I think the Democrats and Republicans are both right and wrong. The Democrats are right in that Americans need to have some kind of formalized health coverage as we all pay for uninsured people going to emergency rooms in the form of higher health insurance premiums. They're wrong in that the government ought not force its citizens to buy major medical coverage for everything from pediatric, geriatric or bariatric treatments they may never need. The Republicans are right in that: a) the government should not compel its citizens to buy anything on the private market and b) massive redistributive tax increases should not be bundled in with any reforms of healthcare. They're wrong in that there needs to me a measure of basic coverage for all Americans.
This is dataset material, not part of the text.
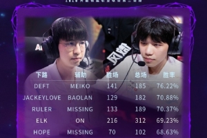 體育資訊8月6日訊 BLG對陣JDG賽前,官方發(fā)布了LPL歷史下路雙人組勝率榜:

The answer is for the government to provide what I'm calling "Americare," which would be analogous to Medicare and Medicaid but for all Americans not on those two existing government plans now. "Americare" would be catastrophic and emergency health care coverage if one were struck by a bus, fell out a window, had a heart attack on the street, etc. It would be paid for by deductions from everyone's paychecks much like Social Security is today. It would be national and fully portable. It would be a public agency and the premiums would be a tax which is fully and unambiguously within the government's purview. Anyone desiring health coverage above and beyond trauma care would have to purchase it (or not) from private insurance companies but would not be compelled to do so. The tax burdens on Americans should also be rolled-back to pre-2010 levels and no one penalized for having a lot of coverage if that's where they want to spend their money. To bring the cost of healthcare down, Congress needs to enact Tort Reform, imposing caps on malpractice lawsuit awards so as to lower the cost of malpractice insurance for doctors and hospitals and lower the cost of endless litigation. Also, private health insurance ought to be available nationally, across state lines to foster greater competition and economies of scale to drive costs down -- and this insurance needs to be completely portable and not tied to one's place of employment. That would be real and meaningful health reform for all Americans.